#### Listed records ####
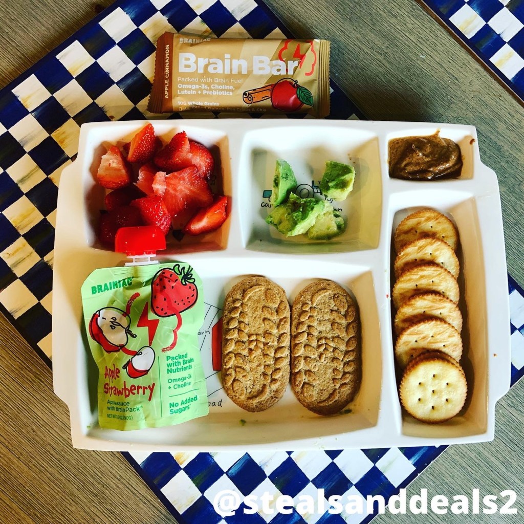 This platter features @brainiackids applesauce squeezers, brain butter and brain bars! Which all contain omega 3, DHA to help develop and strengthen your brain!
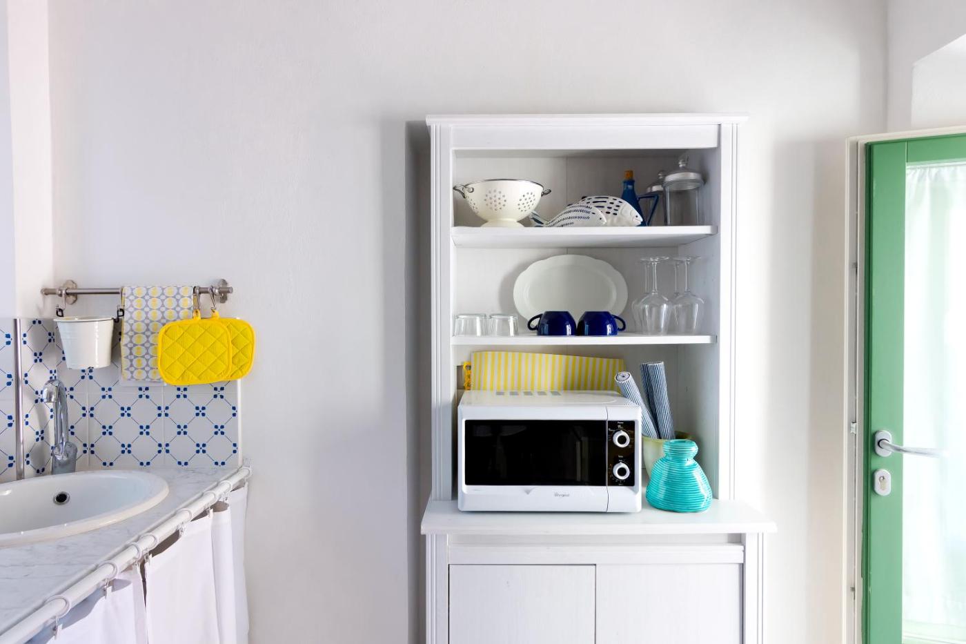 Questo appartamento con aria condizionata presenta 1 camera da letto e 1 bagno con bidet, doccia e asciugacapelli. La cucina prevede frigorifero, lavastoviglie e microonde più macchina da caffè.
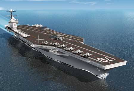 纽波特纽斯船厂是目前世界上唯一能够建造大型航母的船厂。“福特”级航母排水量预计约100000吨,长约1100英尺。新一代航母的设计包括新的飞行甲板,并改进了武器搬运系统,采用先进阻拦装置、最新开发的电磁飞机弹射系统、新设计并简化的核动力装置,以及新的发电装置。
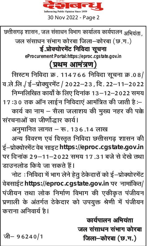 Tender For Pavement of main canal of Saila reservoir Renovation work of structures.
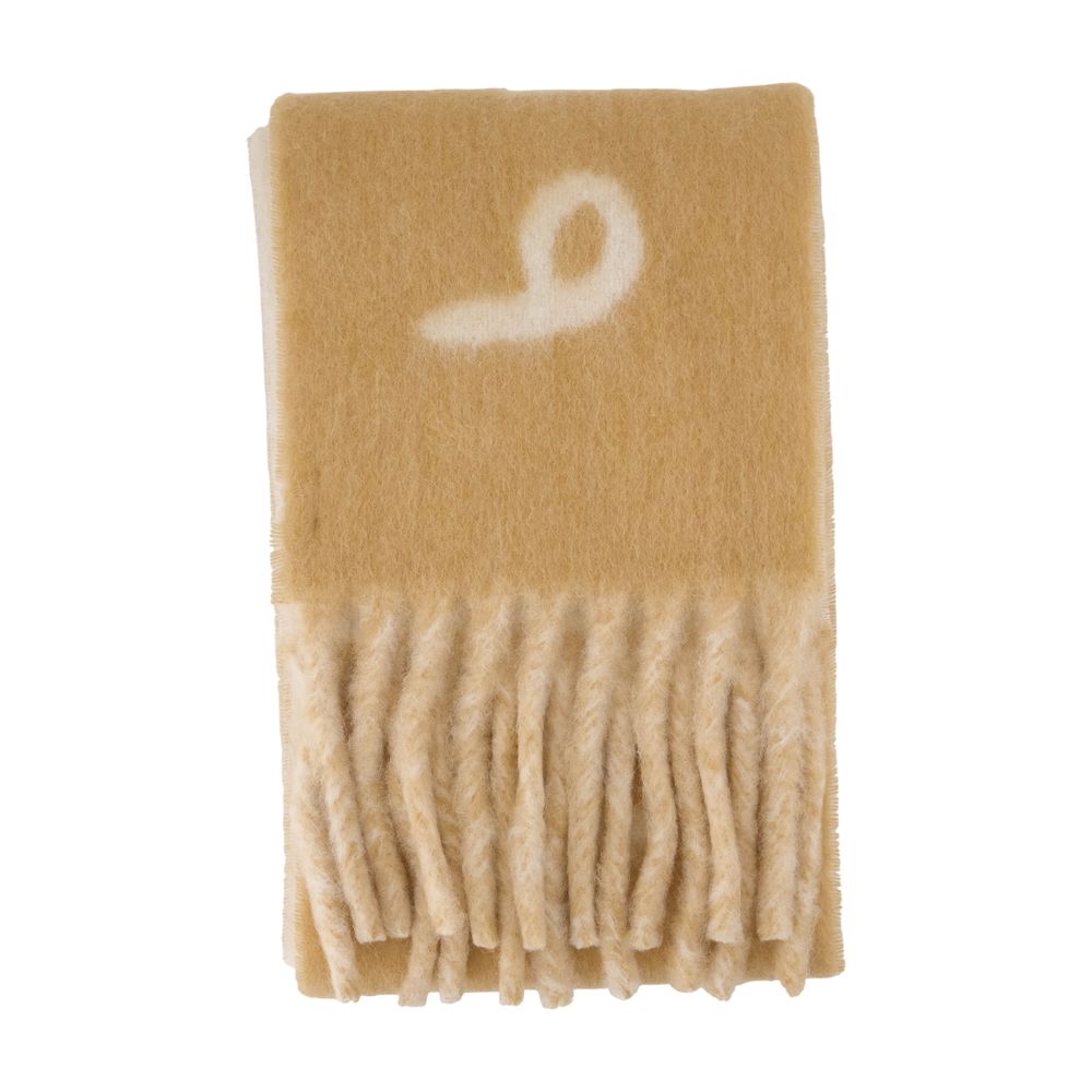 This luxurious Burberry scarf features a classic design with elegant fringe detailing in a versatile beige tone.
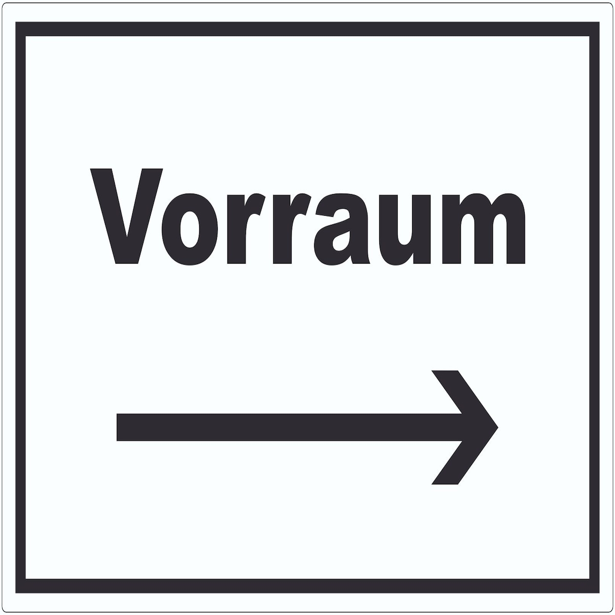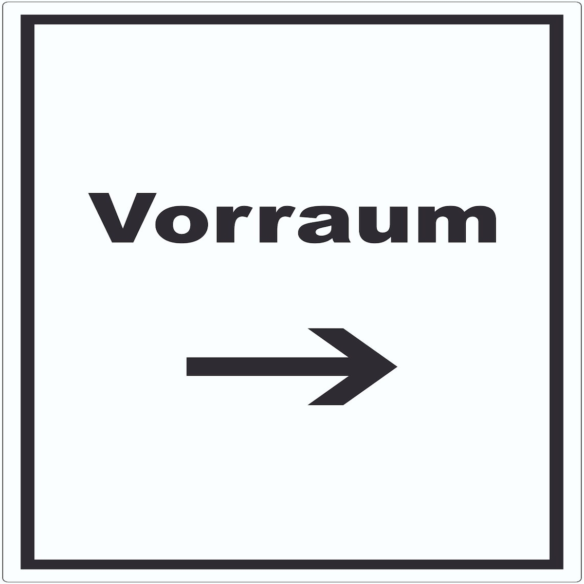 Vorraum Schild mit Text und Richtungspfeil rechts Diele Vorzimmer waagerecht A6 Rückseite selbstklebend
####
Assignment: With the pictures left out, copy exactly the lines from the one containing "纽波特纽斯船厂是目前世界上唯" through the last line of the data.

Answer to the problem:
 纽波特纽斯船厂是目前世界上唯一能够建造大型航母的船厂。“福特”级航母排水量预计约100000吨,长约1100英尺。新一代航母的设计包括新的飞行甲板,并改进了武器搬运系统,采用先进阻拦装置、最新开发的电磁飞机弹射系统、新设计并简化的核动力装置,以及新的发电装置。
 Tender For Pavement of main canal of Saila reservoir Renovation work of structures.
 This luxurious Burberry scarf features a classic design with elegant fringe detailing in a versatile beige tone.
 Vorraum Schild mit Text und Richtungspfeil rechts Diele Vorzimmer waagerecht A6 Rückseite selbstklebend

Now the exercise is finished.